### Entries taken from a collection
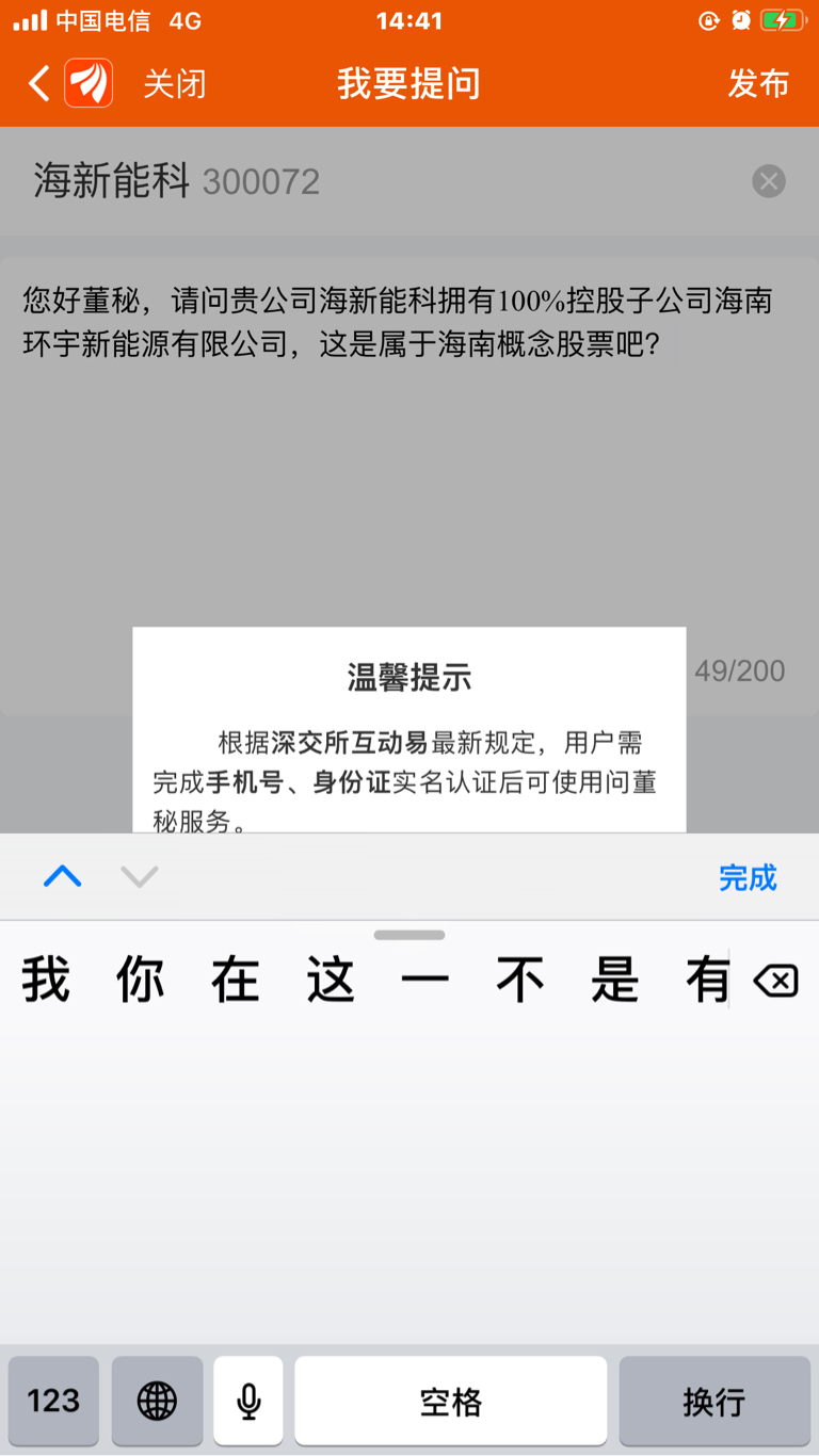 您好董秘,请问贵公司海新能科拥有100%控股子公司海南环宇新能源有限公司,这是属于海南概念股票吧?
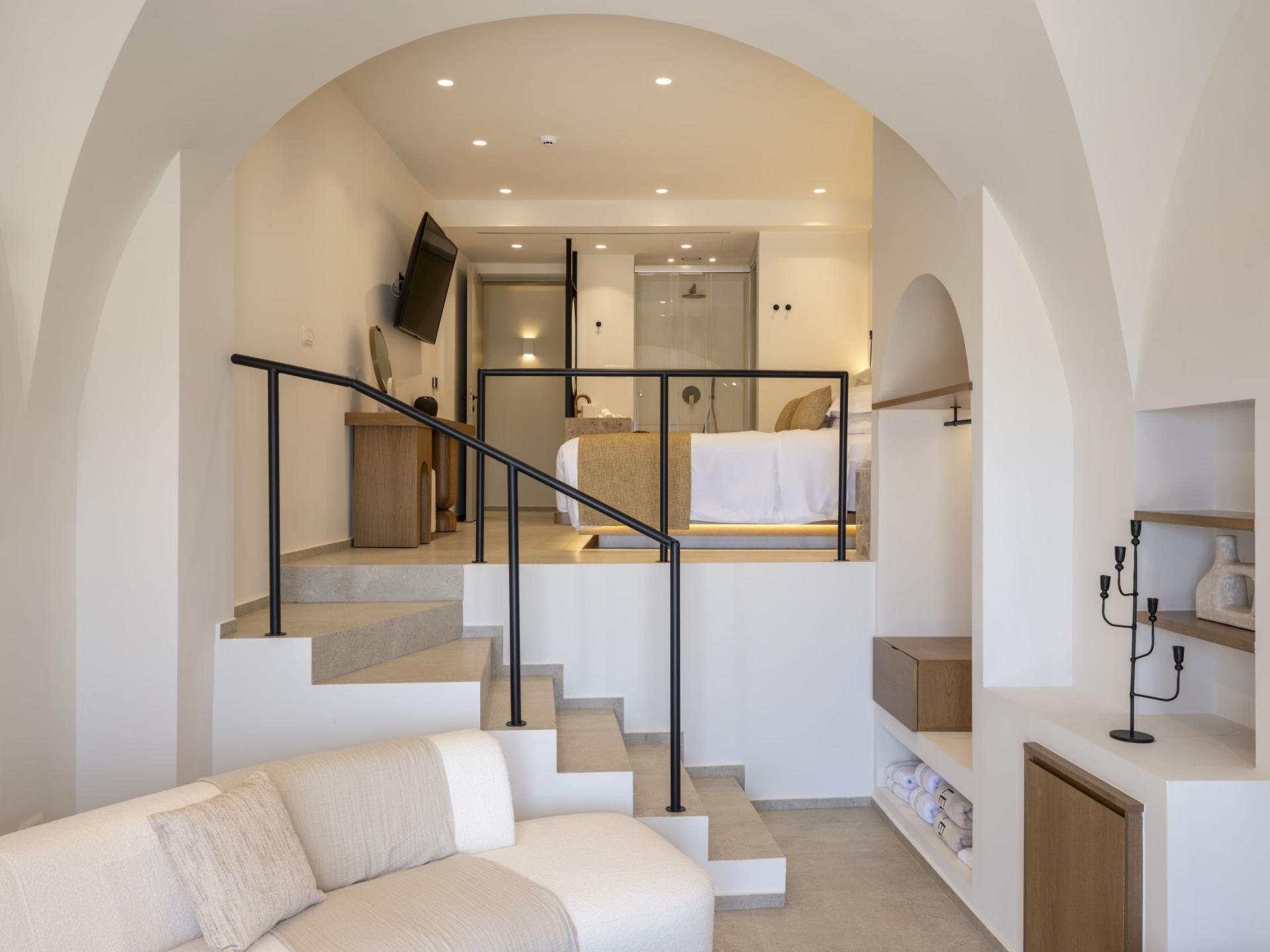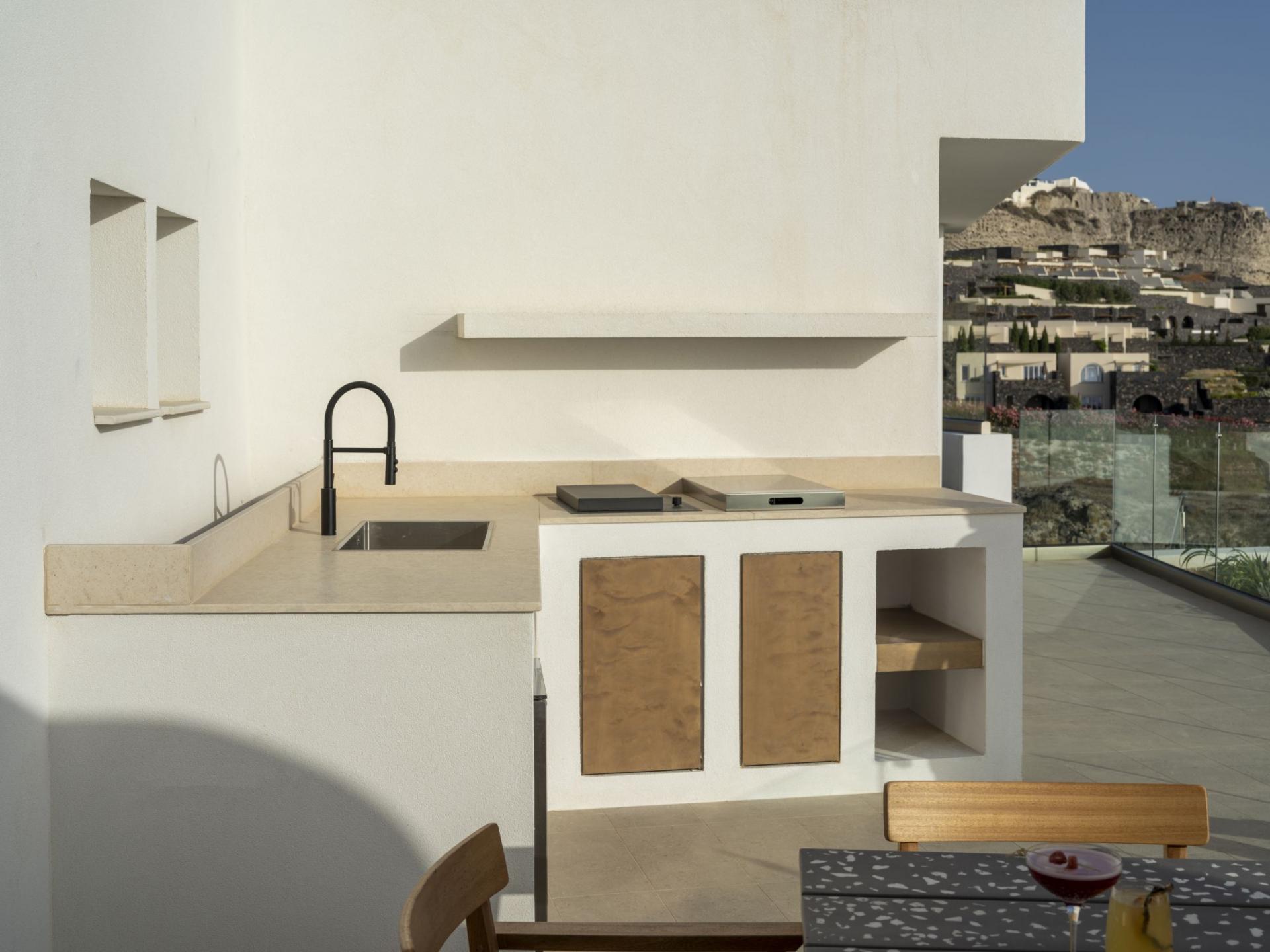 Upon entering Villa Icon, guests are welcomed into a bright, open space filled with light, thanks to its airy interiors inspired by traditional Greek architecture. Split between three levels, the whole property is a masterpiece of Cycladic elegance and modern luxury design. Enjoy a break from the sun in the stylish seating area, where a white sofa creates the perfect atmosphere where to relax. Inside, the property also features a fully-equipped kitchen with a dining counter, perfect for preparing quick meals.
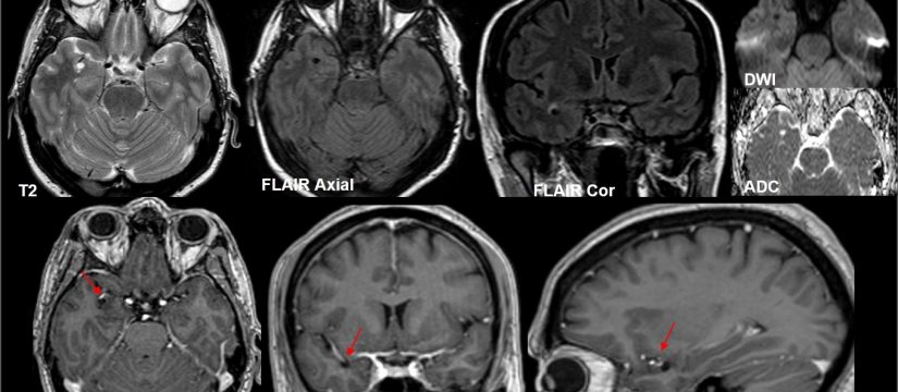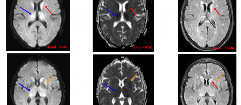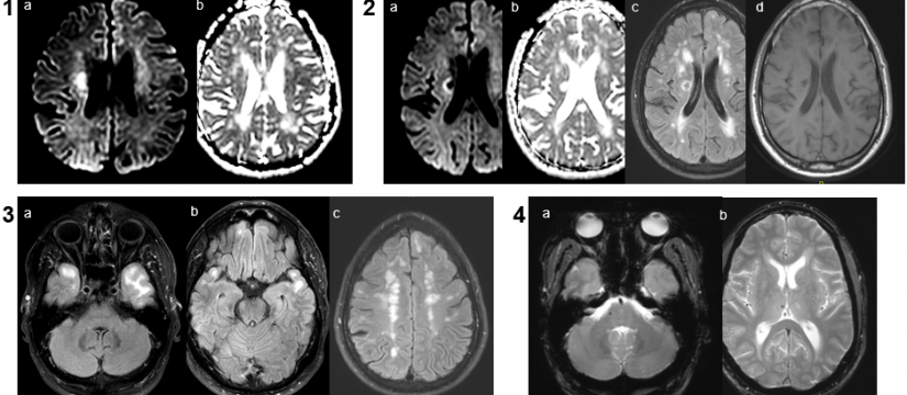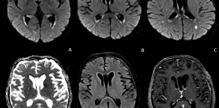 Mujer de 69 años de edad, con un cuadro de 7 meses de inestabilidad cefálica y de la marcha. Se realiza una RM craneal inicial, que es normal. Progresivamente, la síntomatología empeora, añadiéndose desorientación, alucinaciones, mioclonías y deterioro cognitivo. Se repite RM craneal por empeoramiento clínico progresivo.
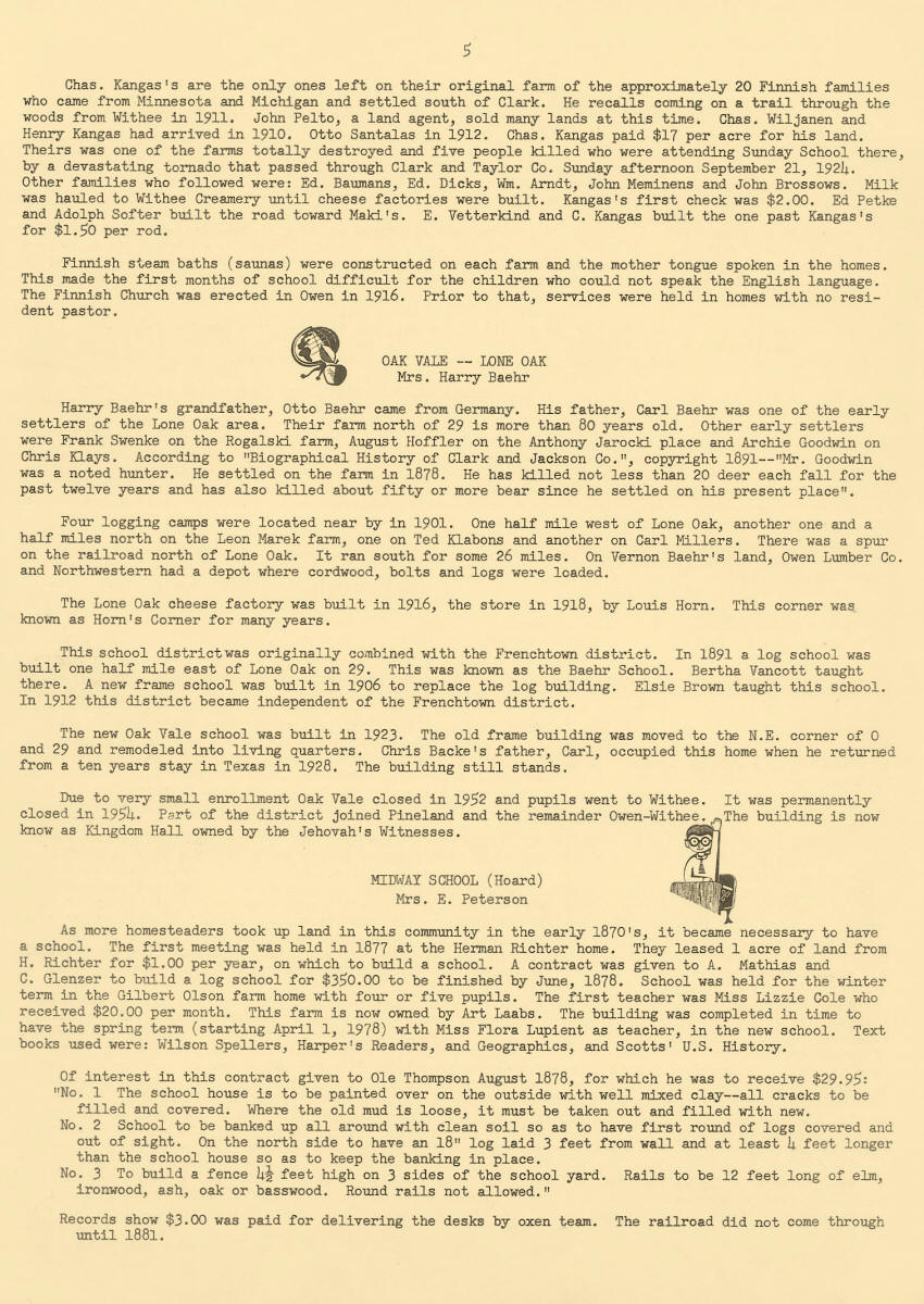Due to very small enrollment Oak Vale closed in 1952 and pupils went to Withee.
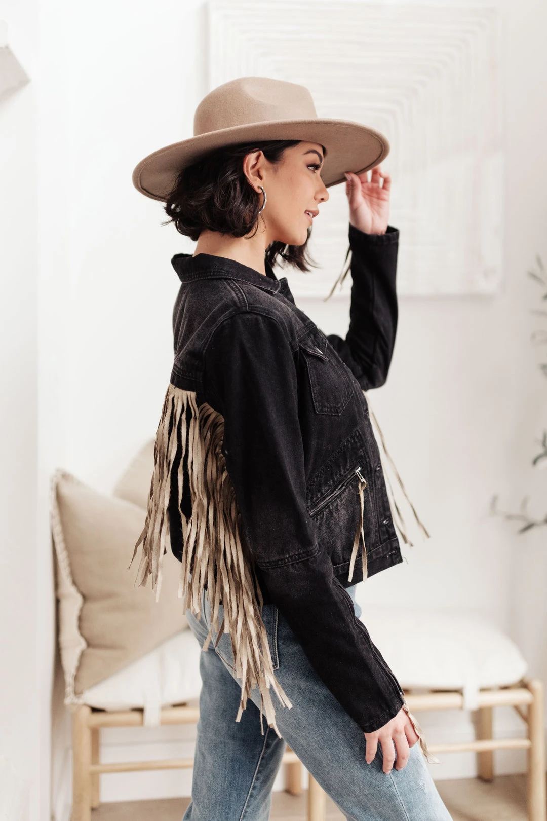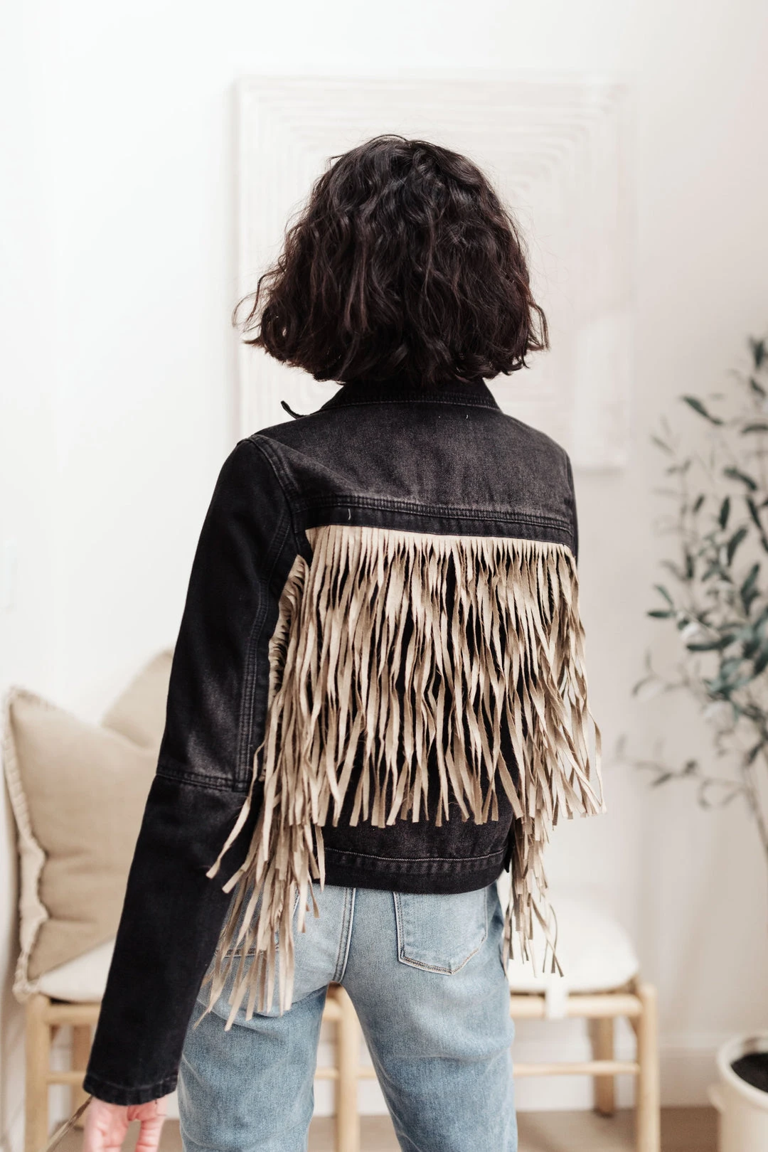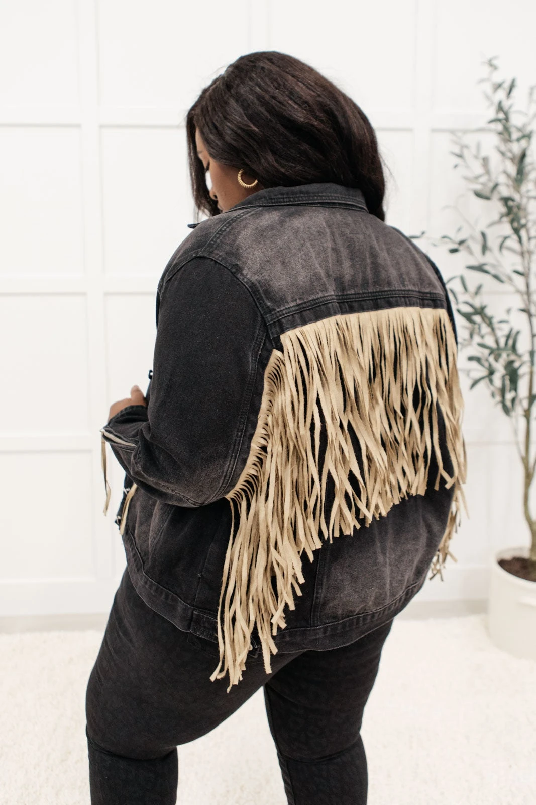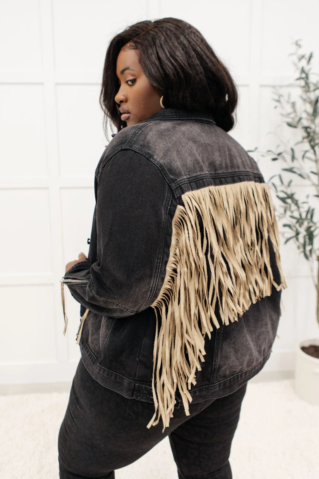 Make sure your look is on-point this season with our On The Fringe Jacket. This durable trendy denim jacket combines a classic feel with amazing fringe, button and zipper details. Pair with high-rise jeans and a graphic tee to be extra trendy!

### WORK INSTRUCTION
Output all the entries above verbatim, please. No images.

### FINISHED EXERCISE
 您好董秘,请问贵公司海新能科拥有100%控股子公司海南环宇新能源有限公司,这是属于海南概念股票吧?
 Upon entering Villa Icon, guests are welcomed into a bright, open space filled with light, thanks to its airy interiors inspired by traditional Greek architecture. Split between three levels, the whole property is a masterpiece of Cycladic elegance and modern luxury design. Enjoy a break from the sun in the stylish seating area, where a white sofa creates the perfect atmosphere where to relax. Inside, the property also features a fully-equipped kitchen with a dining counter, perfect for preparing quick meals.
 Mujer de 69 años de edad, con un cuadro de 7 meses de inestabilidad cefálica y de la marcha. Se realiza una RM craneal inicial, que es normal. Progresivamente, la síntomatología empeora, añadiéndose desorientación, alucinaciones, mioclonías y deterioro cognitivo. Se repite RM craneal por empeoramiento clínico progresivo.
Due to very small enrollment Oak Vale closed in 1952 and pupils went to Withee.
 Make sure your look is on-point this season with our On The Fringe Jacket. This durable trendy denim jacket combines a classic feel with amazing fringe, button and zipper details. Pair with high-rise jeans and a graphic tee to be extra trendy!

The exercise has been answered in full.